VA Tech Killer Identified as Insane Gook

P

Patriot Games

Guest
http://www.newsmax.com/archives/articles/2007/4/17/93101.shtml?s=lh

Virginia Tech Killer Identified
NewsMax.com Wires Tuesday, April 17, 2007

BLACKSBURG, Va. -- A Virginia Tech senior from South Korea was behind the
massacre of at least 30 people locked inside a campus building in the
deadliest shooting rampage in modern U.S. history, the university said
Tuesday.

The Virginia Tech Police Department identified him as Cho Seung-Hui, 23, a
senior in the English department.

Police also said ballistics tests showed one of the guns found after a
deadly shooting at Virginia Tech was used in both shootings, at the doom at
the classroom building.

The bloodbath ended with the gunman's suicide, bringing the death toll from
two separate shootings - first at a dorm, then in a classroom building - to
33 and stamping the campus in the picturesque Blue Ridge Mountains with
unspeakable tragedy.

President Bush planned to attend a memorial service Tuesday afternoon at the
university, the White House said, and Gov. Tim Kaine was flying back to
Virginia from Tokyo for the 2 p.m. convocation.
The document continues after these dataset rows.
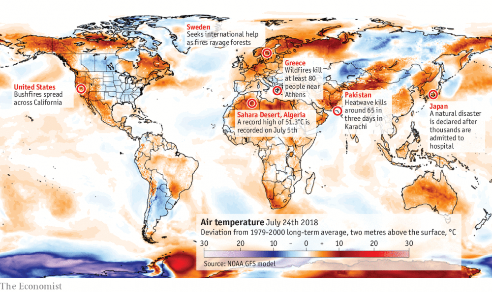 En el verano 2018 se han registrado temperaturas inusualmente altas sobre todo en varios países del norte de Europa -pero también en Grecia, Japón, Estados Unidos y Omán-, causando efectos negativos como la muerte de personas afectadas por las olas de calor, reducciones de la productividad de los trabajadores y el saqueo y la destrucción de los cultivos agrícolas. Otro aspecto relevante es que las olas de calor son más intensas y más frecuentes que en el pasado, tanto el lejano como el cercano.
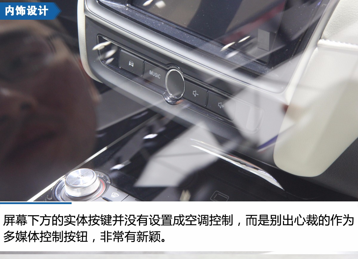 由于站台的限制,记者并未进入车内去拍摄,但是从外面看我们可以得出,Ei5在整体内饰设计布局上,保持了互联网汽车的特质。大屏触控,而且据了解上汽与阿里巴巴联合开发的斑马系统也会运用其中。
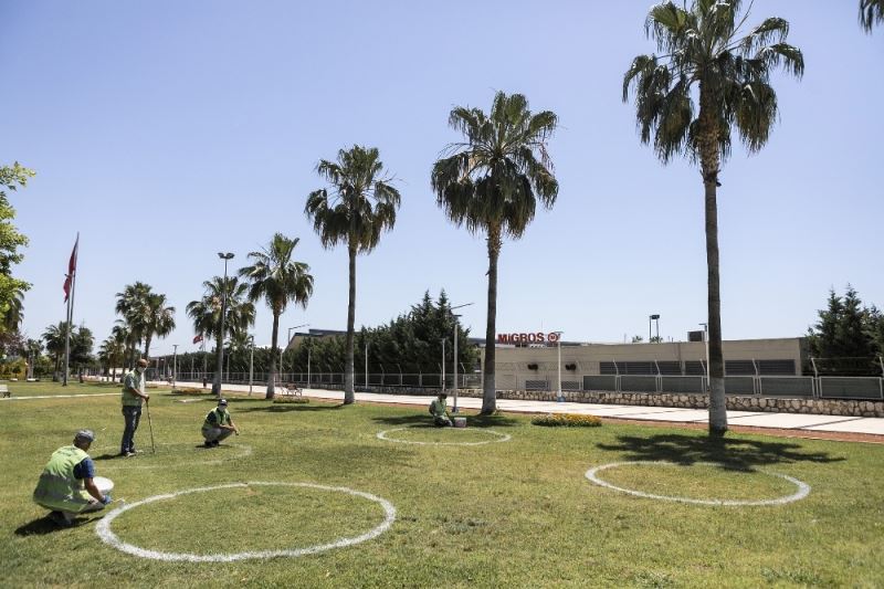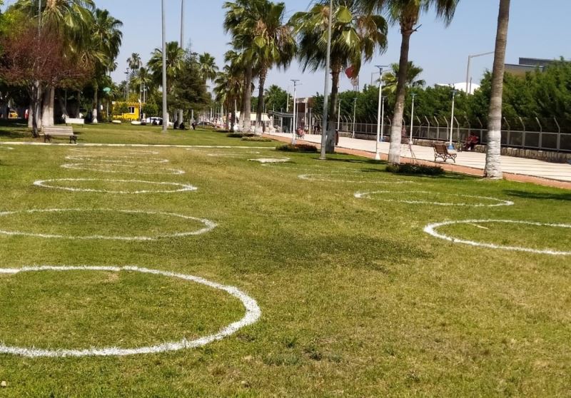 Mersin’de korona virüs tedbirleri kapsamında, sahil bandındaki parklarda sosyal mesafe çemberleri oluşturuldu.
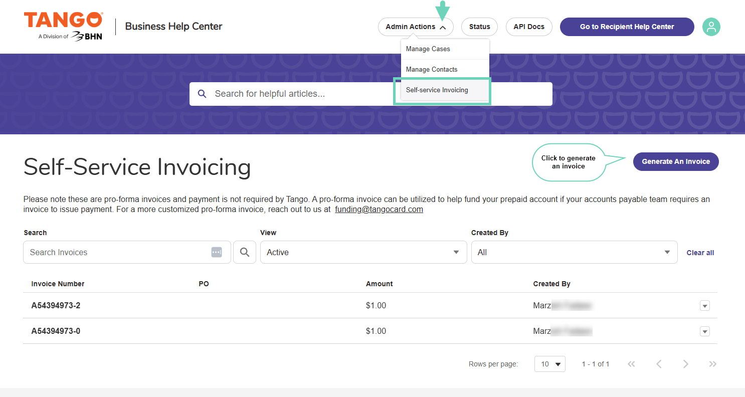Using the Tango portal, you can effortlessly generate self-service invoices. A self-service or pro-forma invoice serves as a preliminary or estimated bill of sale which is provided prior to finalizing your order. It can be used to help fund your prepaid account if your accounts payable team requires an invoice to issue the payment.
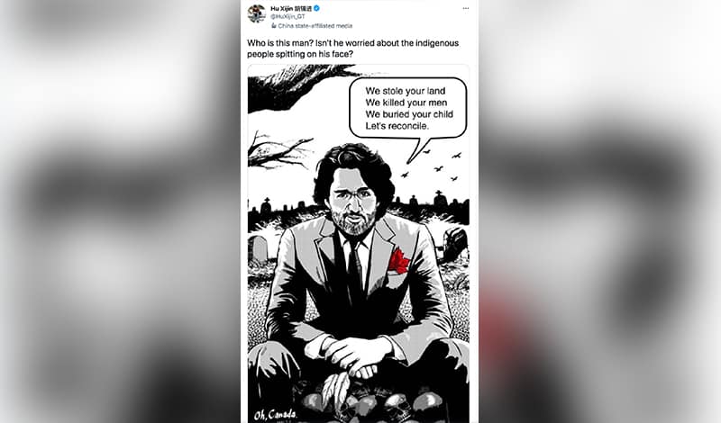 Không hài lòng với những chỉ trích của Canada về việc chính quyền Bắc Kinh đàn áp các dân tộc thiểu số ở Tân Cương, các quan chức Đảng cộng sản Trung Quốc (ĐCSTQ) đã liên tục tấn công sự kiện về các di thể trong các trường nội trú của thổ dân Canada.
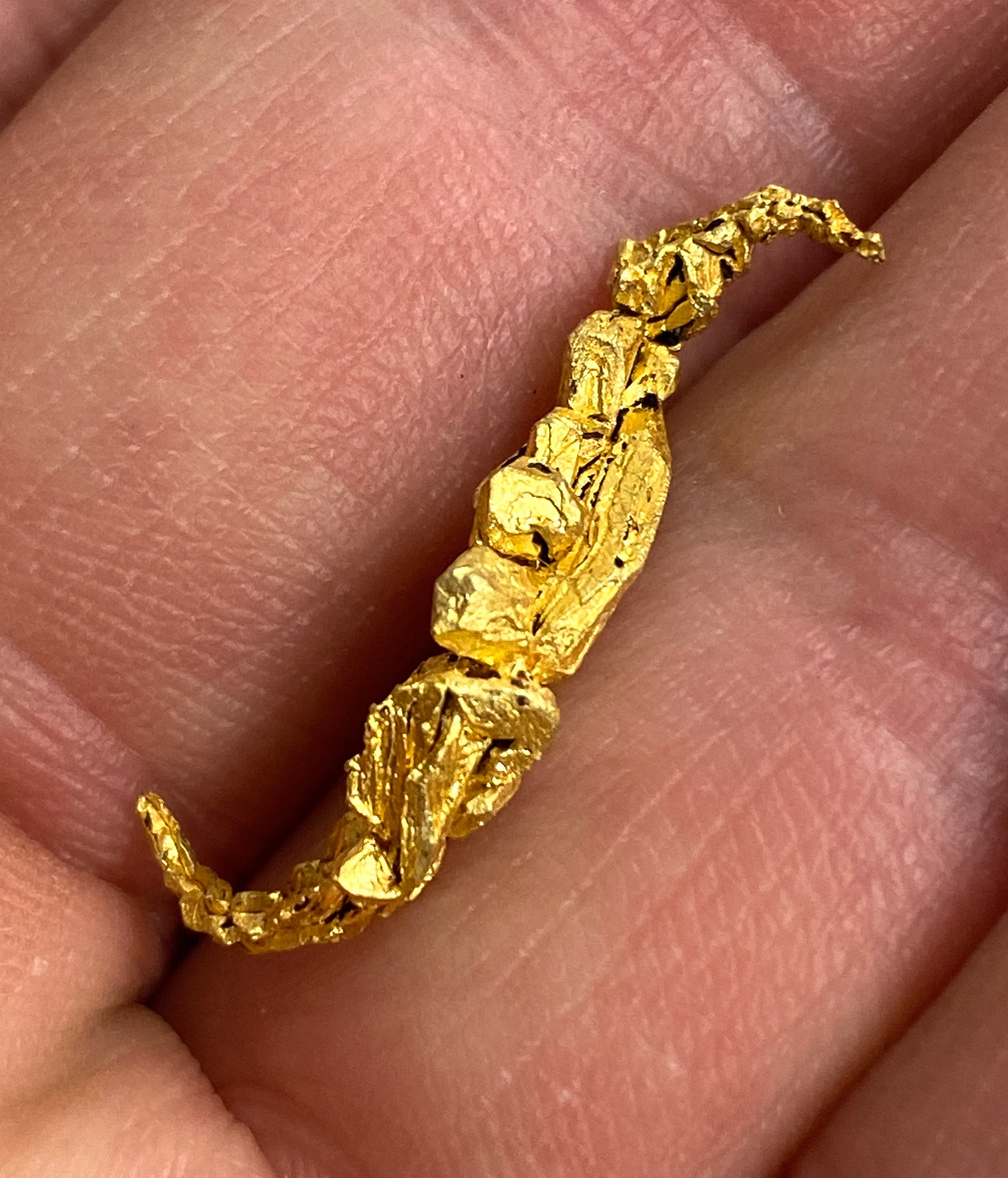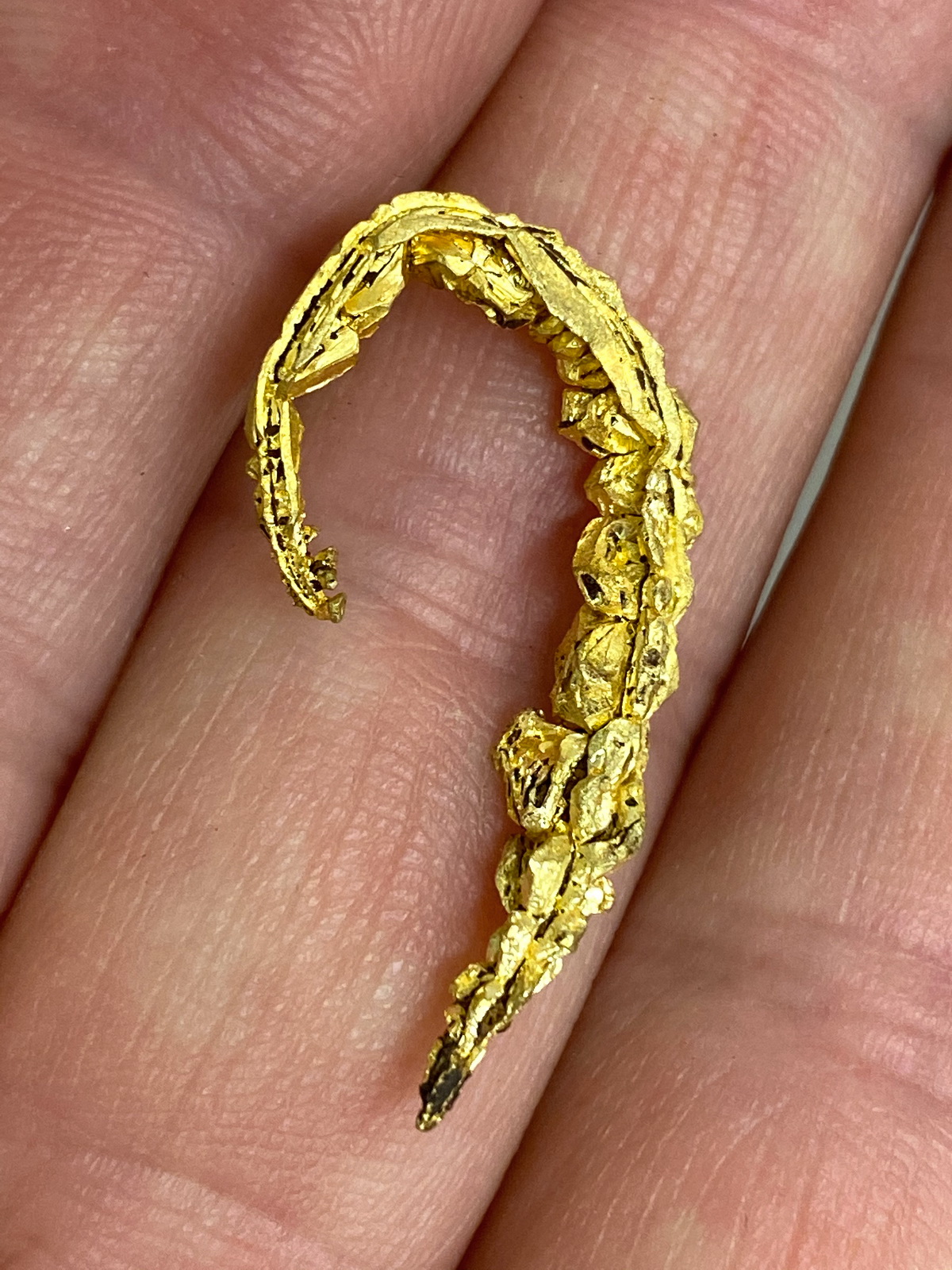 Sharp and lustrous gold crystals sitting on a curved gold wire!
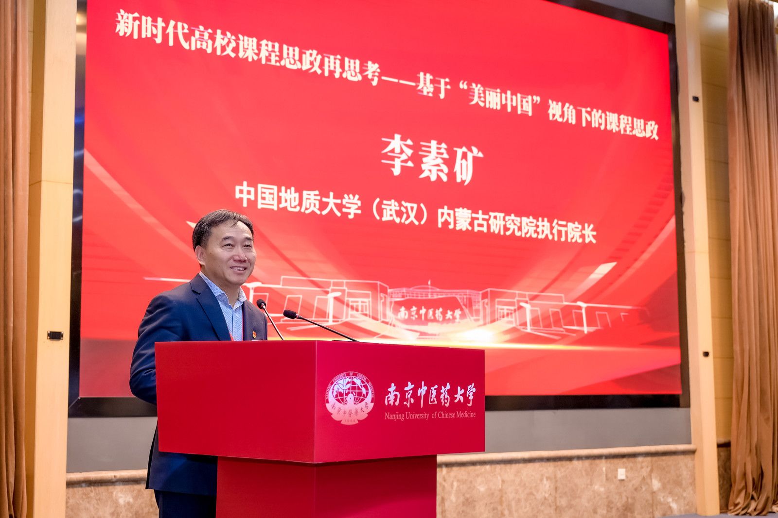 党建论坛暨研讨会环节,中国地质大学(武汉)内蒙古研究院执行院长李素矿作“新时代高校课程思政再思考——基于‘美丽中国’视角下的课程思政”的主题报告,他介绍了打造美丽中国课程思政、课程思政要义以及高质量课程思政再思考的经验、举措和成果。

The first deadly attack, at a dormitory around 7:15 a.m., left two people
dead. But some students said they didn't get their first warning about a
danger on campus until two hours later, in an e-mail at 9:26 a.m. By then
the second attack had begun.

Two students told NBC's "Today" show they were unaware of the dorm shooting
when they walked into Norris Hall for a German class where the gunman later
opened fire.

Derek O'Dell, his arm in a cast after being shot, described a shooter who
fired away in "eerily silence" with "no specific target - just taking out
anybody he could."

After the gunman left the room, students could hear him shooting other
people down the hall. O'Dell said he and other students barricaded the door
so the shooter couldn't get back in - though he later tried.

"After he couldn't get the door open he tried shooting it open ... but the
gunshots were blunted by the door," O'Dell said.

A federal law enforcement official said Tuesday he had been told by other
federal law enforcement officials that the two guns recovered in the
shooting had had their serial numbers scraped off. The official spoke on
condition of anonymity because the information had not been announced.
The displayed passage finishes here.